Configuring NVIDIA Inference Microservices (NIMs)

After you install CAS, the cas-config configmap must be created. It provides the NeMo Retriever Library endpoint information.

To determine the NeMo Retriever Library endpoint information, you must know the namespace in which NeMo Retriever Library is installed. The endpoints are constructed by using the pattern http(s)://..svc.cluster.local. When you use the default installation namespace of NeMo Retriever Library and because it does not support https by default, it results in the following URLs:
  • Embed service URL: http://llama-32-nv-embedqa-1b-v2.nv-ingest.svc.cluster.local
  • Ingest service URL: http://nv-ingest.nv-ingest.svc.cluster.local
Note: These URLs must not end with the / character.
To complete this activity, use the oc command line tool and run the following command:
oc apply -f - <<EOF
apiVersion: v1
kind: ConfigMap
metadata:
  name: cas-config
  namespace: ibm-cas
data:
  NVMM_EMBED_SERVICE: <Embed Service URL as determined above>
  NVMM_NIM_SERVICE:  <Ingest Service URL as determined above>
EOF

NVIDIA re-ranker

Optionally, you can set NVMM_NEMO_RANKER in the CasInstall CR to enable the NVIDIA re-ranker service. This service analyzes semantic relevance and reorders search results to improve precision in enterprise search and streamline AI-driven workflows. For more information, see the NVIDIA documentation.

  • Re-ranker service URL: http://llama-32-nv-rerankqa-1b-v2.nv-ingest.svc.cluster.local
Note: The service URL must not end with the / character.
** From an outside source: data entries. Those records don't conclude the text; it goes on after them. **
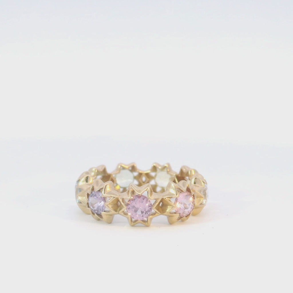 A One of a Kind pastel rainbow starburst band with 2.23ctw of Spinel, Sapphire, Garnet, Beryl, Aquamarine and Citrine set in 17k yellow gold.
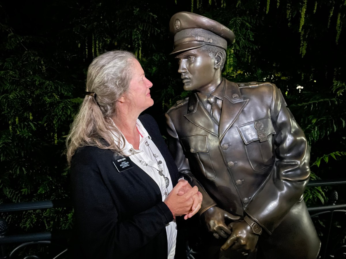 Even the traffic lights for pedestrian crossings honor Elvis!
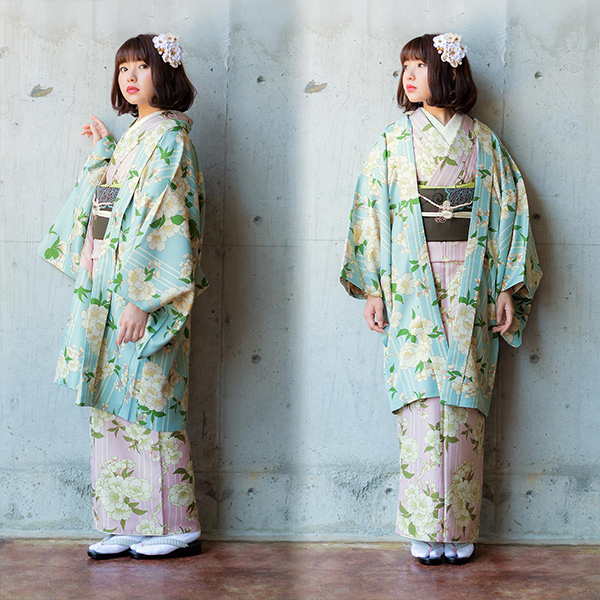 袷着物+京袋帯+帯揚げ+帯締め+羽織+羽織紐のセットです。
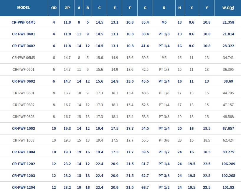 상아뉴매틱 CR-PWF 내화학피팅(MM/PT)
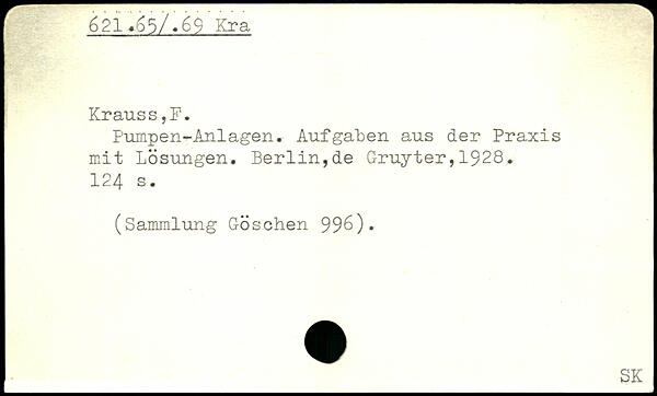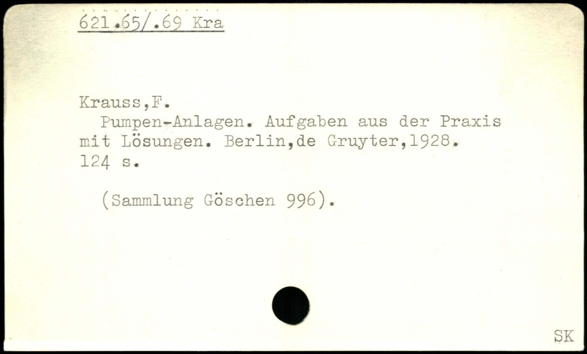 Pumpen-Anlagen.- Aufgaben aus der Praxis mit Lösungen. Berlin,de Gruyter,1928.
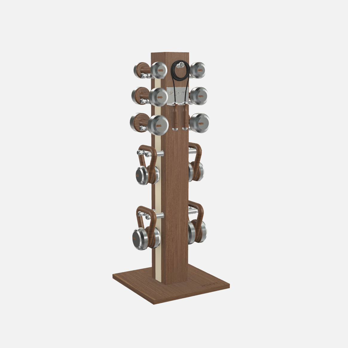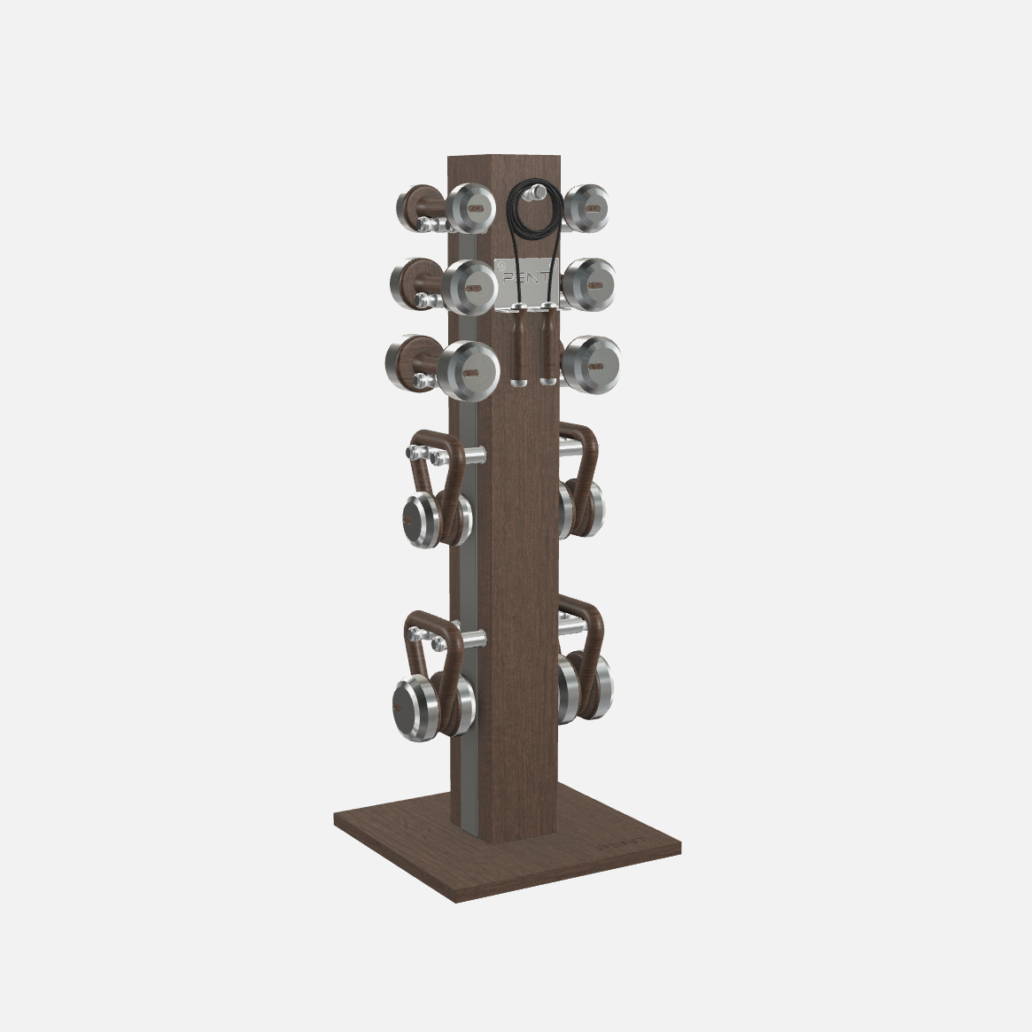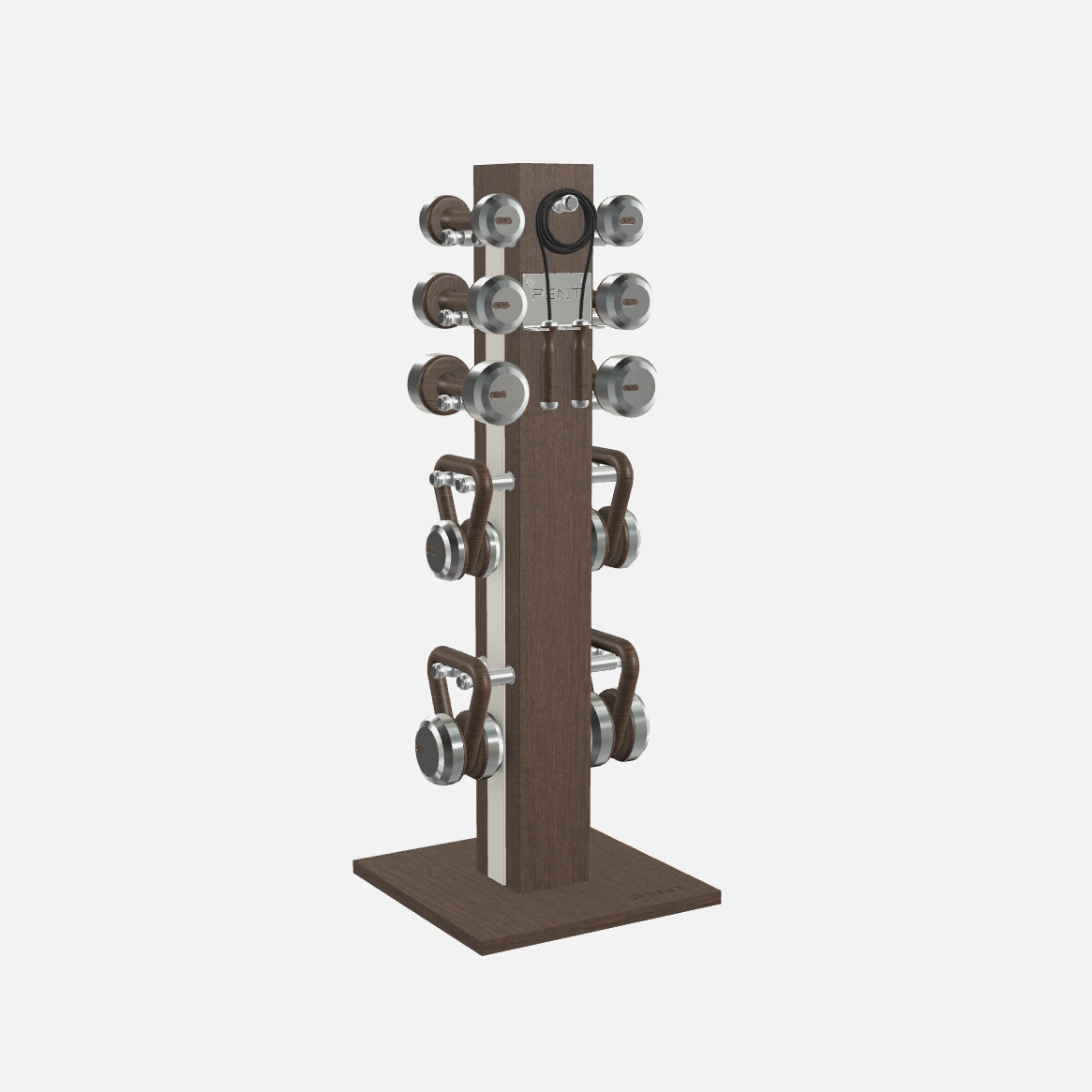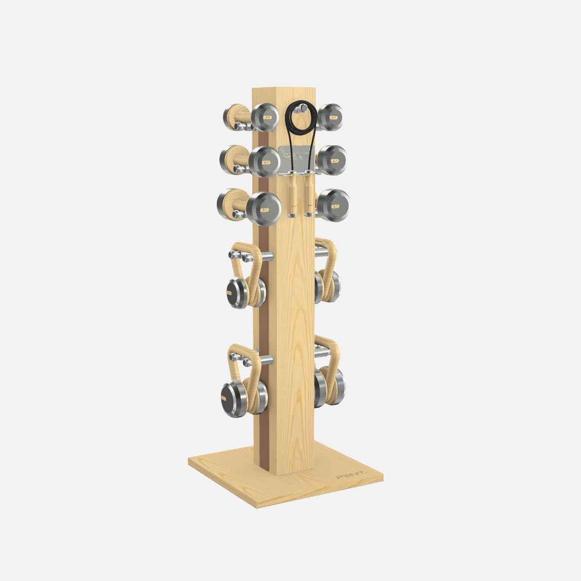 The PENT ISA combines elegant design with versatile fitness functionality. This premium equipment stand artfully displays a curated set of dumbbells and kettlebells, complemented by the sophisticated Sienna jump rope. Its thoughtful, space-efficient design seamlessly integrates into upscale environments – from private residences to boutique hotels and luxury fitness spaces. More than exercise equipment, the ISA™ transforms fitness gear into a sculptural statement piece that elevates any interior's aesthetic.

To enable the NVIDIA re-ranker service, set the NVMM_NEMO_RANKER flag to YES and the NVMM_NEMO_RANKER_SERVICE flag to the re-ranker service URL in the cas-config ConfigMap:

spec:
oc patch configmap cas-config \
  -n ibm-cas \
  --type merge \
  -p '{"data":{"NVMM_NEMO_RANKER": "YES", "NVMM_NEMO_RANKER_SERVICE": "<Re-ranker service URL as determined above>"}}'